FORT MARLBOROUGH, BENGKULU


Hubungan rakyat Propinsi Bengkulu dengan Inggris sudah berjalan lama, sejak abad ke 17. Pada tahun 1682 Kompeni Belanda (VOC) mampu mengungguli the Honourable East India Company (EIC), setelah tercapai kesepakatan antara VOC dengan kerajaan Banten mengenai monopoli perdagangan rempah-rempah. EIC keluar dari Jawa dan mencari tempat pangkalan baru sebagai basis perdagangan rempah-rempah. Awalnya EIC akan mendirikan Perusahaan dagang di Aceh, upaya tersebut ditolak oleh Ratu Aceh Sultana Zaqiyat -ud-udin Inayat Shah. EIC mencari pandangan ke Pariaman dan Barus di Sumatera Barat. Akhirnya EIC ke Bengkulu. Buku “Bencoolen : A History of the Honourable East India Company’s Garrison on the West Coast of Sumatra (1685 – 1825)”, ditulis oleh Alan Harfield (1995), perubahan ini disebabkan adanya surat permintaan dari para penguasa di Bengkulu yang mereka terima dua hari menjelang keberangkatan utusan EIC (Ord dan Cawley) dari Madras menuju Pariaman. Buku “Bengkulu dalam Sejarah”, ditulis oleh Firdaus Burhan (1988), perubahan ini disebabkan oleh kesalahan navigasi dalam pelayaran dari Madras menuju Pariaman dan adanya permintaan dari para penguasa Bengkulu setelah utusan EIC tersebut mendarat di Bengkulu.
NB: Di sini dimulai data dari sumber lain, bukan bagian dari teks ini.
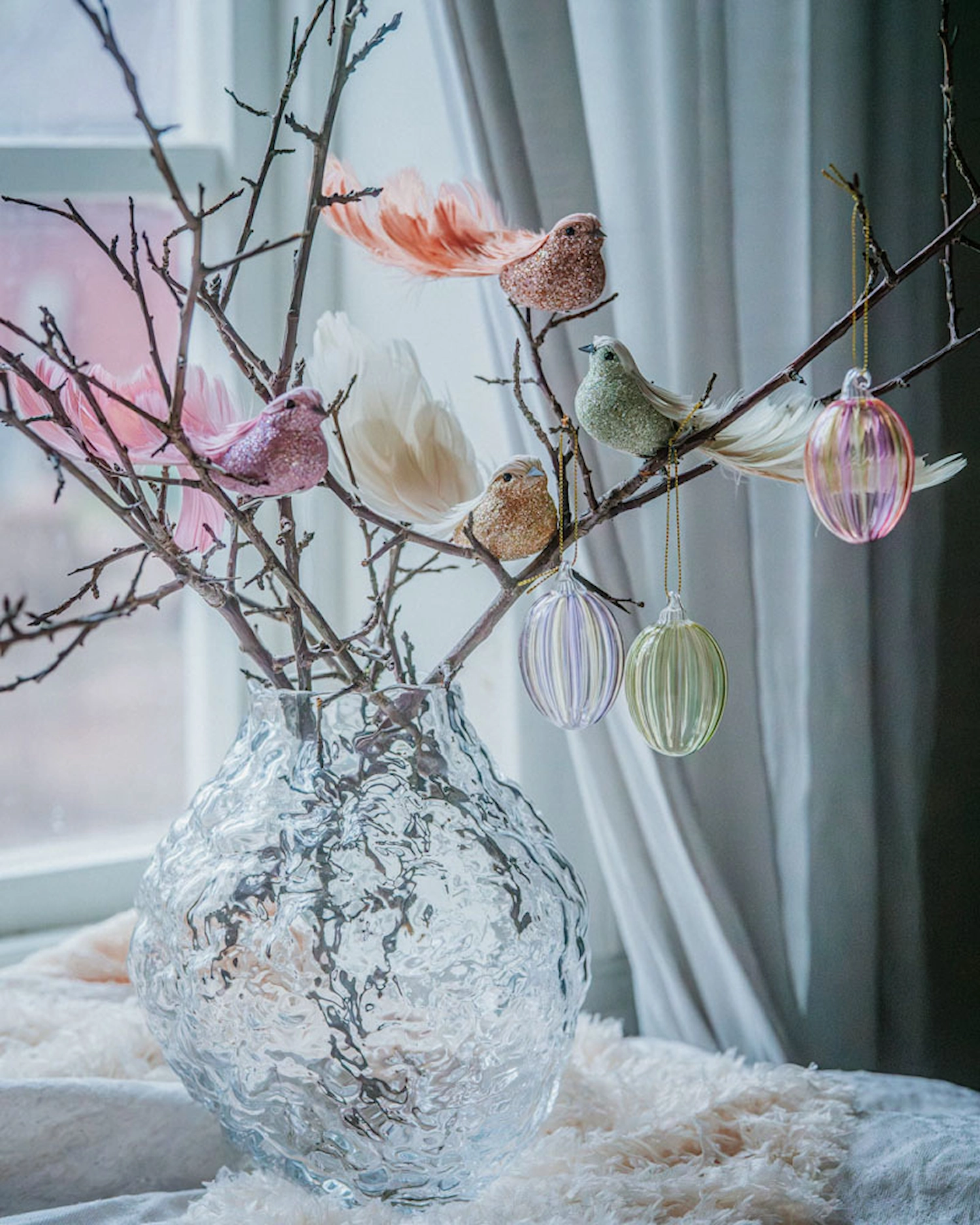 Glasägg rosa med subtila vertikala ränder och guldfärgat snöre ger en lätt och lekfull känsla till din inredning. Det här dekorativa ägget i glas fungerar lika bra som påskpynt som en året‑runt detalj i fönster eller i en grenkrona.

EIC akhirnya  di Bengkulu dan rakyat Bengkulu menerima kehadiran EIC pada tahun 1685, pihak Inggeris disambut oleh petinggi Bengkulu masa itu, Orang Kaya Lela dan Patih Setia Raja Muda. Pangkalan pertama yang didirikan oleh Inggeris di Bengkulu adalah Fort York. Inggeris menamakan Perusahaan dagangnya di Bengkulu sebagai Garnizun EIC di Pantai Barat pulau Sumatera (The Honourable East India Company’s Garrison on the West Coast of Sumatra). Inggeris berada di Bengkulu selama 140 tahun, dari tahun 1685 sampai Maret 1825. Inggeris meninggalkan Bengkulu disebabkan perjanjian antara Raja Inggeris dan Raja Belanda, yang ditandatangani pada 17 Maret 1824. Perjanjian ini oleh pihak Inggeris disebut “the Anglo-Dutch Treaty of 1824", Belanda menyebutnya sebagai “Traktat London”. Perjanjian ini mengatur pertukaran kekuasaan Inggeris di Bengkulu dengan kekuasaan Belanda di Melaka dan Singapura (Singapura pada masa itu merupakan bagian dari kerajaan Melaka).
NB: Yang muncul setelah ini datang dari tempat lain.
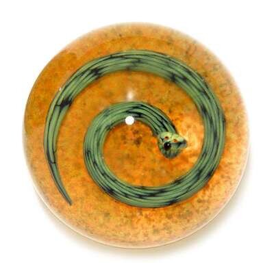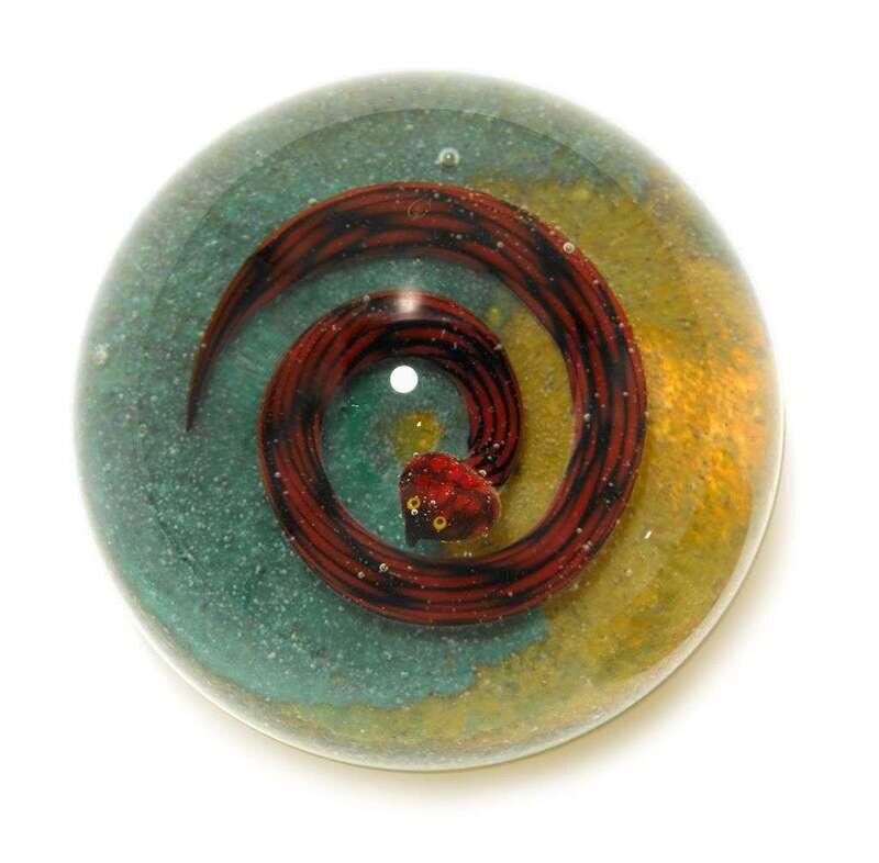 The first with a green cobra on gold sand; the other with a red and black cobra on blue sand; both signed Harold J. Hacker.(2).

Tahun 1714 kondisi Fort York kritis. Bangunan benteng dan barak-barak rapuh dan air hujan terus-menerus membasahi ruangan tempat tinggal para penghuni. Kondisi bahan makanan sangat buruk Penyakit yang umumnya disentri dan malaria mengakibatkan sebagian besar prajurit tidak dapat menjalankan tugasnya. Pada tahu 27 Februari 1712, Joseph Collet, pimpinan Garnizun Bengkulu menulis surat kepada Dewan Direksi EIC dengan mengusulkan pembangunan benteng baru di tempat yang disebut “Carrang”. Carrang terletak lebih kurang dua mil dari Fort York (orang Bengkulu menyebutnya Ujung Karang). Pembangunan benteng baru tersebut dimulai pada tahun 1714. Benteng baru diberi nama Marlborough. Marlborough dipilih oleh Joseph Collet untuk menghormati John Churchill, komandan Inggeris yang pernah memenangkan pertempuran di Blenheim (1704), Rammilies (1706), Oudenarde (1708) dan Malplaquet (1709). John Churchill diberi gelar “Duke of Marlborough”. Benteng baru yang dibangun oleh Joseph Collet ini kemudian dikenal dengan nama “Fort Marlborough”. Pembangunan Fort Marlborough selesai seluruhnya pada tahun 1741. Benteng Marlborough sejak mulai dibangun telah memegang fungsi strategis di bidang ideologi, politik, ekonomi, sosial, budaya, pertahanan dan keamanan. Potensi kesejarahan yang demikian merupakan komoditi penelitian yang menarik. Potensi ini memiliki nilai yang besar dalam memperkaya kajian keilmuan.
John Bastin dalam bukunya yang berjudul: The British in West Sumatera (1685-1825) A Selection Documents with An Introduction. Kuala Lumpur: University of Malaya Press, 1965., memberikan informasi tentang kejadian-kejadian di sekitar Benteng Marlborough. Dalam buku tersebut terdapat akses digunakannya dokumen-dokumen resmi dari pemerintah Inggris yang berpusat di Benteng Malborough, termasuk dokumen yang disebut SFR (Sumatera Factory Record). Karya pustaka ini dapat menjadi sumber informasi yang mampu memberikan daya tarik kepada wisatawan mancanegara maupun nusantara. Seperti salah satu informasi dari John Bastin yang menarik bahwa Benteng Marlborough pernah ditinggalkan oleh pemerintah Inggris selama hampir lima tahun, yaitu pada 1719-1724.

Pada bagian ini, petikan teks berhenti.